ところがDACを探しているうちに旭化成の火事やコロナリバウンドによる世界的な半導体不足が発生し、満足できそうなDACが入手困難または価格高騰してしまいました。
さて困っているときにロームが全く新規にDACチップを開発したというニュースを目にしました。
ロームは電子部品メーカーでありながら音楽振興にかなり力を入れており、私も何故かロームの音楽振興部門が発行した日本の西洋音楽黎明期の音源をまとめたCDを持っています。
音楽が好きでオーディオをやっている者からすると、音楽好きの電子部品メーカーがDACチップを作るという、非常に心ときめく、大きく期待できるニュースでした。
自作は時間もなくハードルが高いのでこのDACチップを使用した市販品DACの発売を待ちましたが据置型でちょうどよさげなものが出ないなと思っているうちに仕事が忙しくなりそれどころではなくなってしまいました。
ここ1ヶ月、仕事がようやく一段落したので久しぶりにネットで調べると、SMSLからロームのフラッグシップDACチップBD34301EKVを使用したDACが信じられない価格で発売されており、しかも評判がものすごく良いので、一も二もなく購入しました。
それがD300です。
特に決め手は「聴いていて楽しい」という評価があったことです。
高音や低音がどうとか、透明感がどうとかよりも、この評価が一番信用できます。
演奏者が演奏に込めた思いが伝わるからこそ「聴いていて楽しい」のであり、これこそが私がオーディオに求める全てだからです。

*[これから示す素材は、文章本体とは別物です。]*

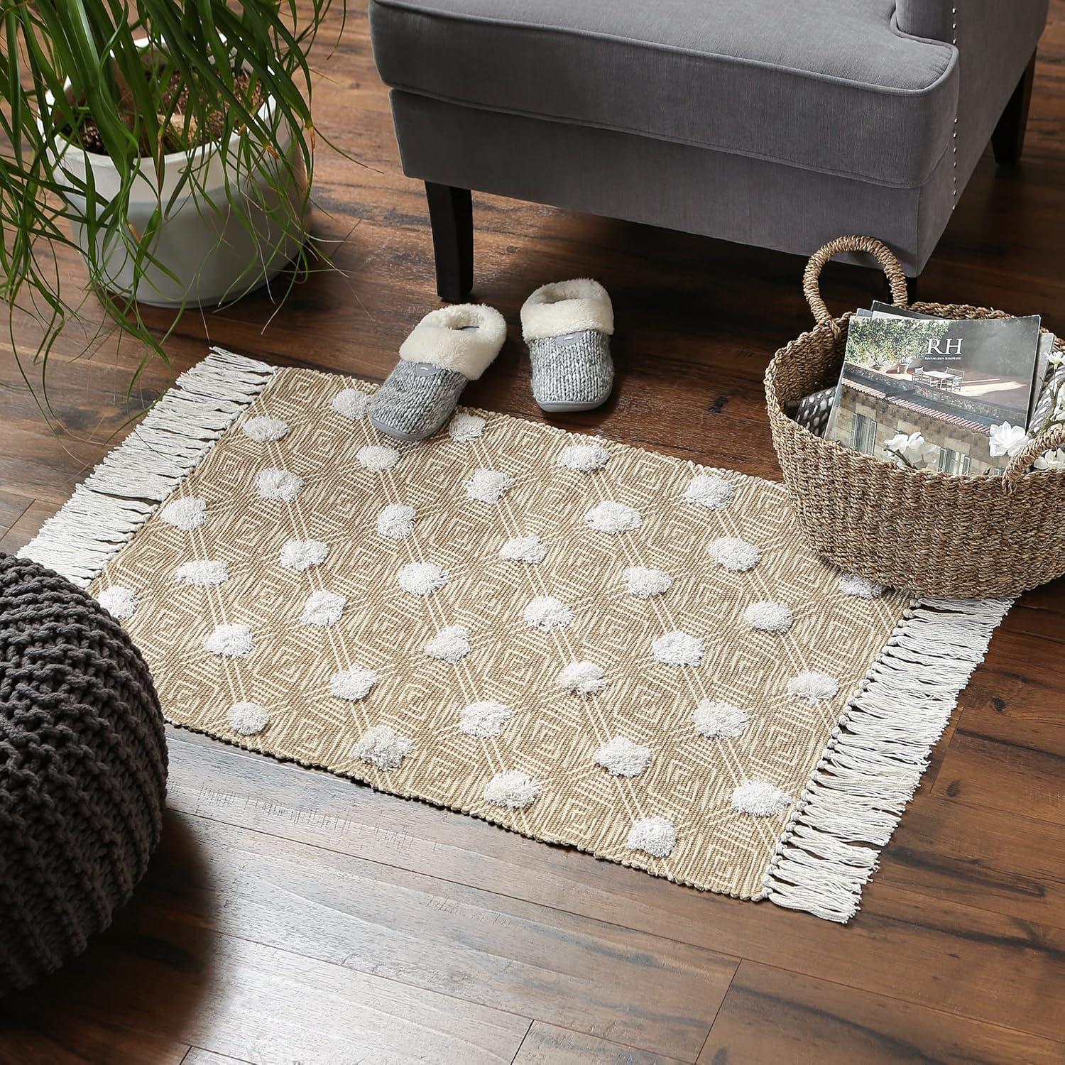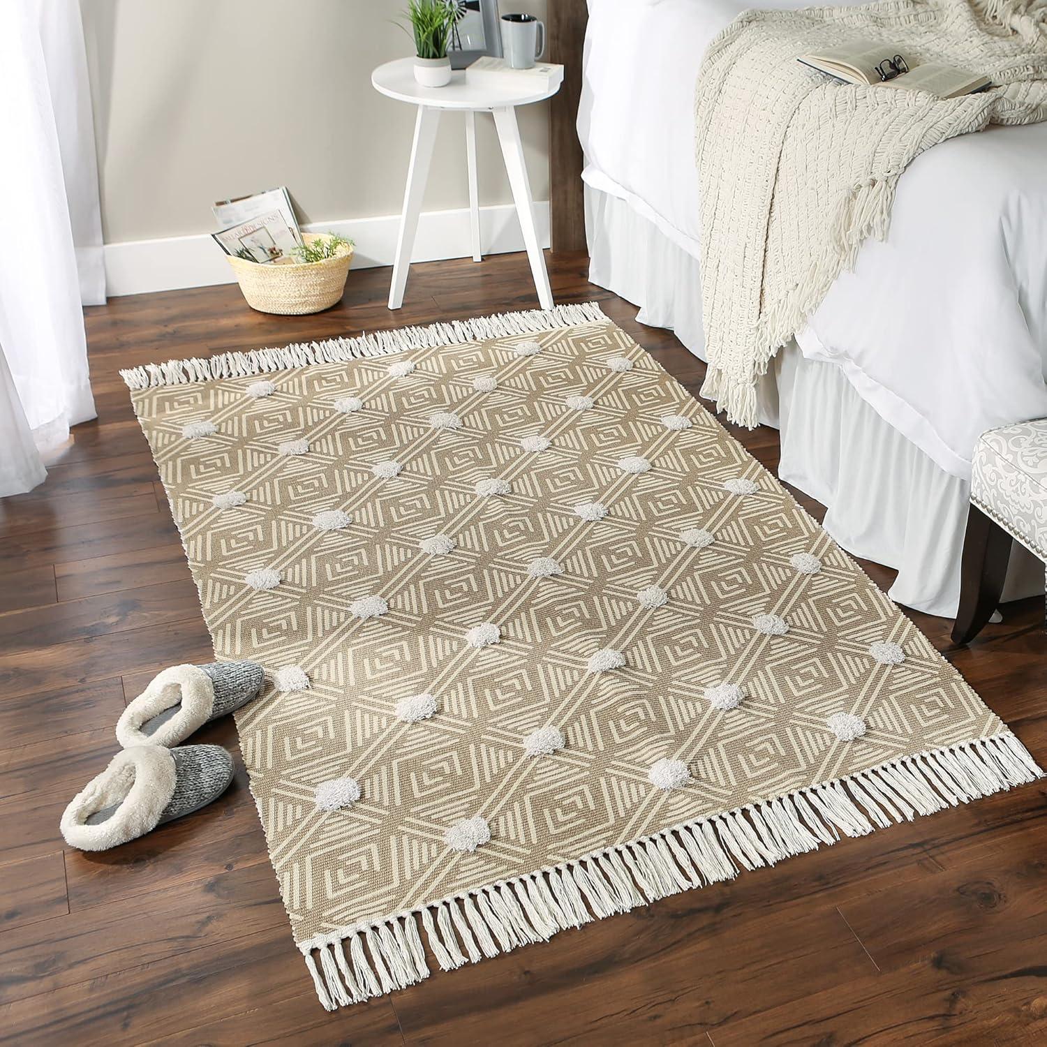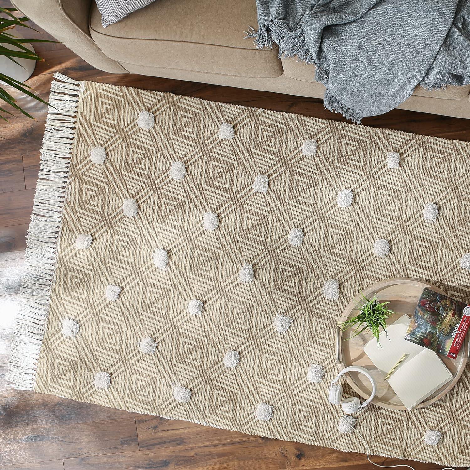 CHIC TEXTURED PATTERN: 100% Cotton handloomed rug measures 2×3 ft
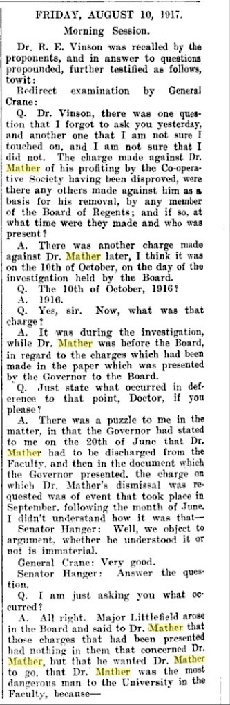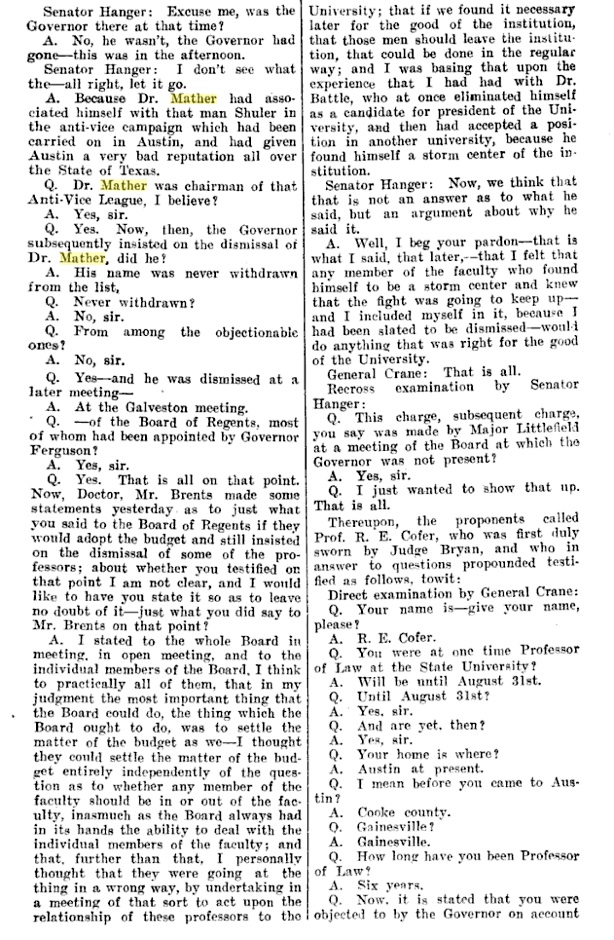 In 1917, Governor Jim Ferguson appeared before the regents to discuss his request that six faculty members be fired. His charges involved political activity, peculation and fraud. The regents fired five professors, including Professor of Physics William T. Mather. They suggested it was due to Governor Jim Ferguson’s displeasure with the five, and his threat to veto the University budget if they remained. Students and alumni protested. The Texas House of Representatives investigated charges that Mather received a percentage of the price of the laboratory manual written by him and sold by the University Co-op. He was also accused of receiving travel expenses as Chair of the University Athletic Committee. He was cleared of any wrongdoing and eventually reinstated by a non-unanimous vote of the Regents (Regent Littlefield opposed). An additional charge against Mather was his chairmanship of the Anti-Vice League in Austin, making him, according to Major Littlefield, “the most dangerous man to the University in the Faculty.” The Anti-Vice League was formed to enforce the closing of the Austin prostitution district called “Guy Town” in 1913.
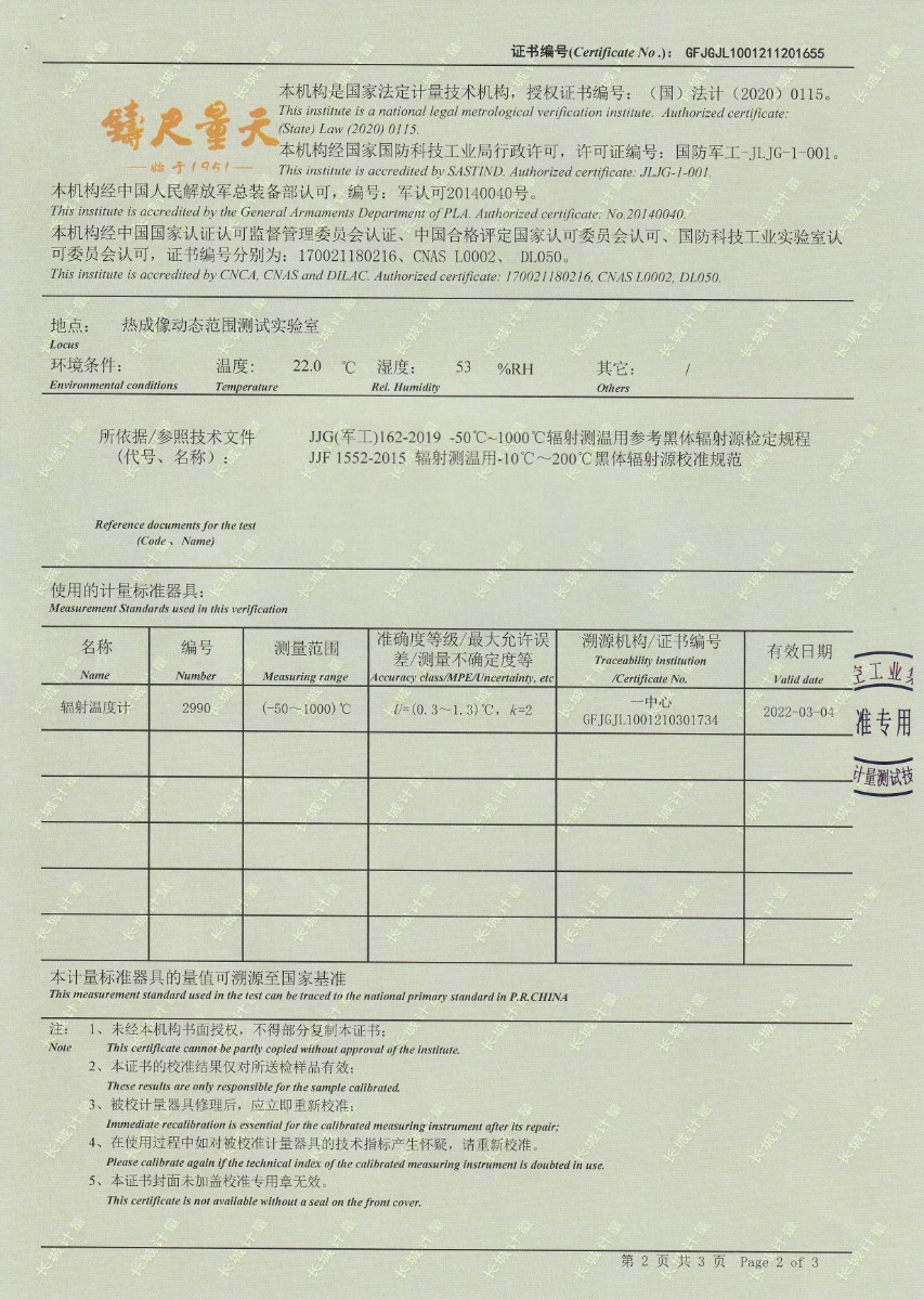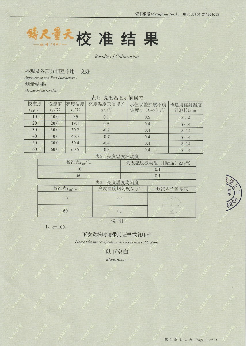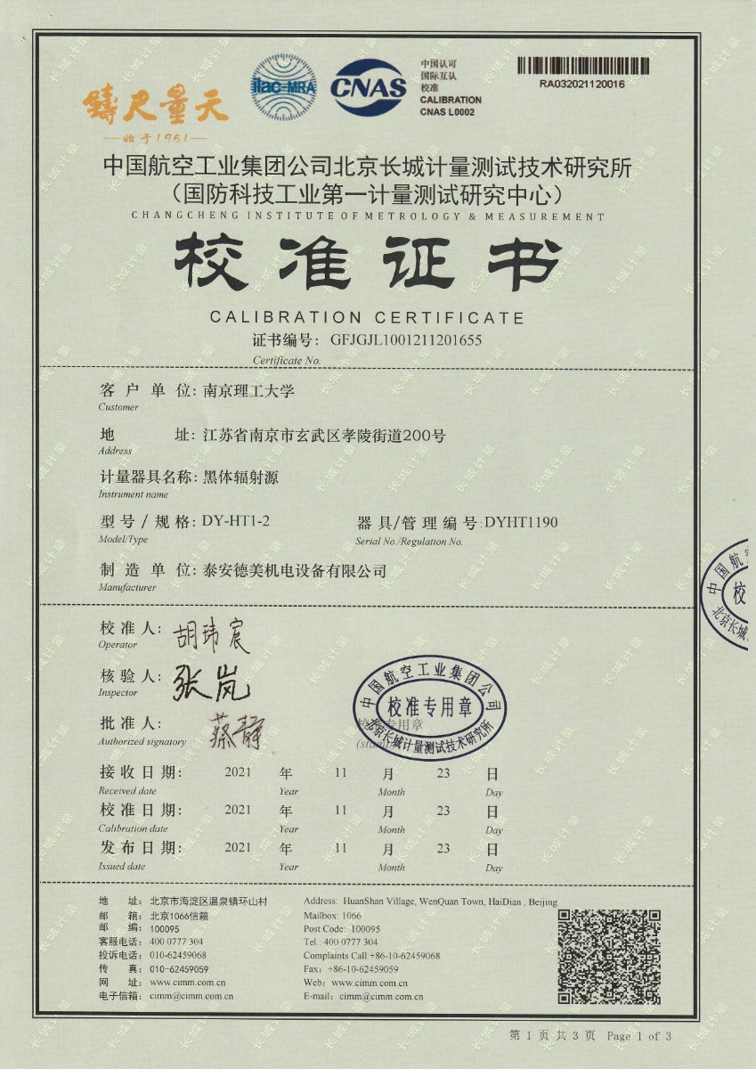 南京理工大学-黑体辐射源校准证书10-60℃ 2021-12-4 本文被阅读 13778 次

早速我が家のリファレンス機DPF-7002改と比較しました。
いつもの以下比較用CDで比較しました。
①セクシーオトナジャン「オンナ、哀しい、オトナ」(EPCE-5369)
試聴ポイント:声をどこまで目の前に感じてどこまで見通せるか、みやびちゃんがどこまで可愛いか
②ラルクアンシエル「ray」(KSC2-283)より「Honey」
試聴ポイント:2番のサビの録り直し箇所にどのくらい違和感を感じるか
イエス「こわれもの」(AMCY-6291)より ※1998年リマスター盤
③「ムード・フォー・ア・デイ」
および
④「燃える朝焼け」
試聴ポイント:退屈な「ムード・フォー・ア・デイ」をどのくらい楽しく聴けるか、「燃える朝焼け」の長いイントロの頭の辺りのブラッフォードのドラムの表現がどこまでリアルか、それぞれのドラムの微妙な位置関係がどこまで見えるか
⑤デュ・プレ エルガー「チェロ協奏曲」(SRCR-2643)
試聴ポイント:デュ・プレの鬼気迫る過剰な演奏がどこまで胸に刺さるか
生まれて初めて再生する曲が①セクシーオトナジャンというのはD300が気の毒でしたが、ほぶらきんやニナ・ハーゲンよりはマシと諦めてもらうしかありません。
さて①ですが、出音一発目でたまげました。
「聴いていて楽しい」という評価は当たっていました。
この「オンナ、哀しい、オトナ」という曲はボーカル以外は100%打ち込みと思われますが、音楽が有機的に聴こえます。
打ち込み臭さを無くすために音源を選んだり、ソフト的・ハード的に色々と細かいニュアンスを付加したりしているのでしょうが、そのクリエイターの細かい努力がきちんと表現できているということです。
聴いていて非常に楽しいです。
それよりも驚いたのが高級オーディオの音であるということです。
高価なDACチップを使いながら安価な中国製ということで、いつもの中国製の安かろう悪かろうというオチも危惧していましたが、杞憂でした。
それどころか、何十万円か出さなければ得られない音が出ています。
BD34301EKVを使用していることを売り文句にするだけで、回路設計やそれ以外のパーツは手を抜くというのが中国製の平常運転だと思うのですが、ここでは中国人真面目に仕事をしています。
しかし、ボーカル3人それぞれのマイクとの距離が見えるかというと、そこまでではありません。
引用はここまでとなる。